**Required work:** Before copying, set aside the pictures; then restate exactly the lines from the one with "Mélange de sable" through the last line of the records.

**Data for the task:**
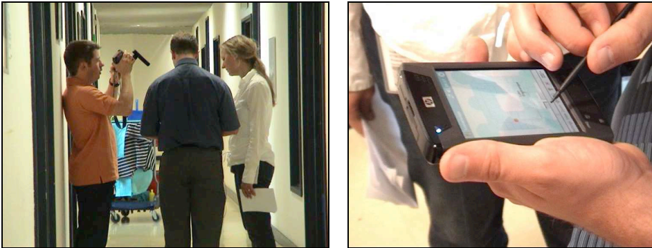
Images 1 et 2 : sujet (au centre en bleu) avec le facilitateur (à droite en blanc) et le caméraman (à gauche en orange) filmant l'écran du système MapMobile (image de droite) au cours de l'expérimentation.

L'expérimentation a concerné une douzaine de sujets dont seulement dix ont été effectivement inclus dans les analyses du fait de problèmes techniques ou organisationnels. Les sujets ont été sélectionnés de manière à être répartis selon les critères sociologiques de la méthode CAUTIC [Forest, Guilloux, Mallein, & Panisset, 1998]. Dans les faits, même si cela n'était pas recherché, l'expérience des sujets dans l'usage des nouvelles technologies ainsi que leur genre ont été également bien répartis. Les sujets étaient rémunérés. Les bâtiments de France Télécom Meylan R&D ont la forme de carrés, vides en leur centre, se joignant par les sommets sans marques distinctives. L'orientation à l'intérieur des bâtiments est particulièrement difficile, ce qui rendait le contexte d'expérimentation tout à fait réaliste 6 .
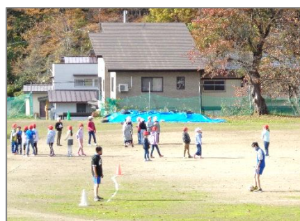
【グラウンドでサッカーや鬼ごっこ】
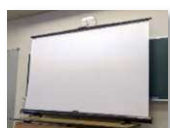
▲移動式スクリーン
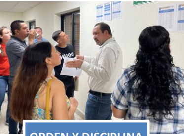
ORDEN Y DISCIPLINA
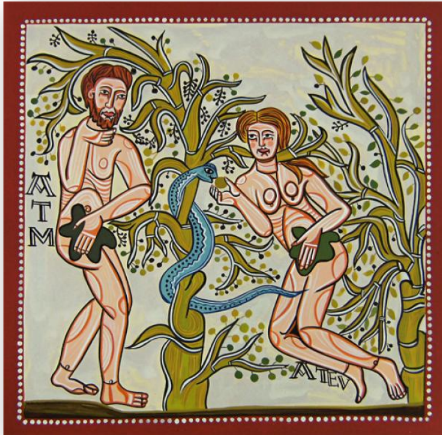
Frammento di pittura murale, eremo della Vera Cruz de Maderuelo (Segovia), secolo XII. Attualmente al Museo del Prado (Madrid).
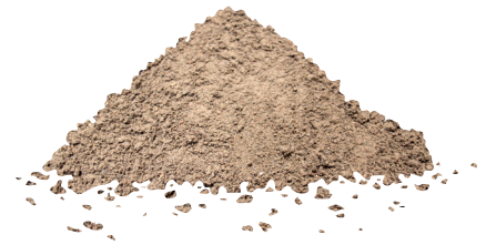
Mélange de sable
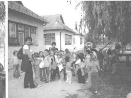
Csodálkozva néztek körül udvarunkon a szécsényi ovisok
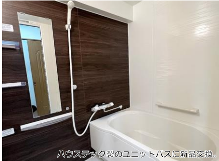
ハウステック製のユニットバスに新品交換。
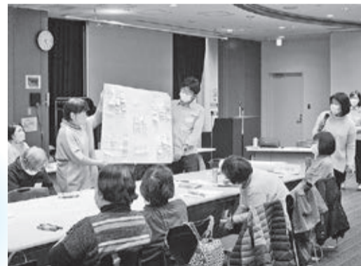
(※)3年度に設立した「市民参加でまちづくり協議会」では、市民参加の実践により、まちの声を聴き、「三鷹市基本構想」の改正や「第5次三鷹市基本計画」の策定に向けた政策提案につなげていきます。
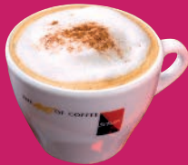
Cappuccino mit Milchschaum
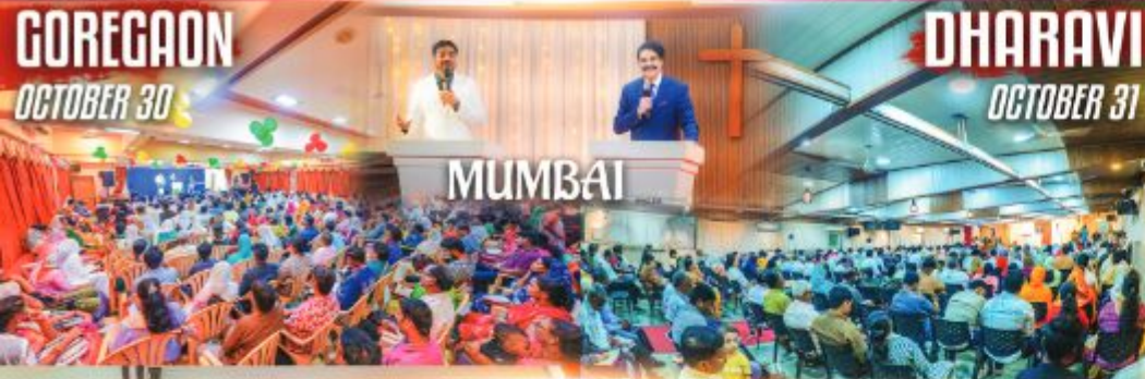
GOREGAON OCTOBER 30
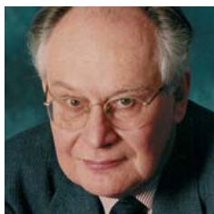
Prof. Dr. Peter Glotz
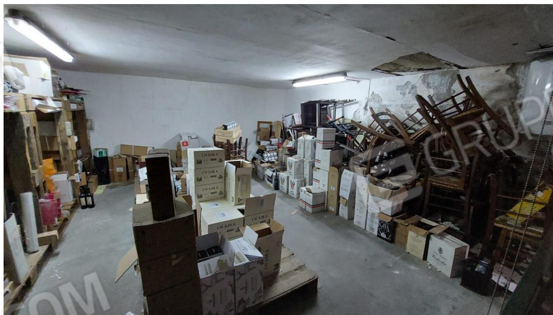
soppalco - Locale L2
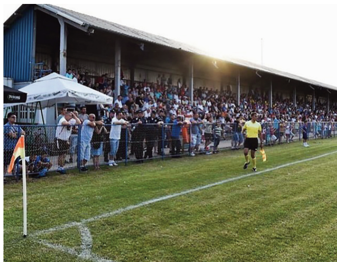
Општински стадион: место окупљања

**Response below:**
Mélange de sable
Csodálkozva néztek körül udvarunkon a szécsényi ovisok
ハウステック製のユニットバスに新品交換。
(※)3年度に設立した「市民参加でまちづくり協議会」では、市民参加の実践により、まちの声を聴き、「三鷹市基本構想」の改正や「第5次三鷹市基本計画」の策定に向けた政策提案につなげていきます。
Cappuccino mit Milchschaum
GOREGAON OCTOBER 30
Prof. Dr. Peter Glotz
soppalco - Locale L2
Општински стадион: место окупљања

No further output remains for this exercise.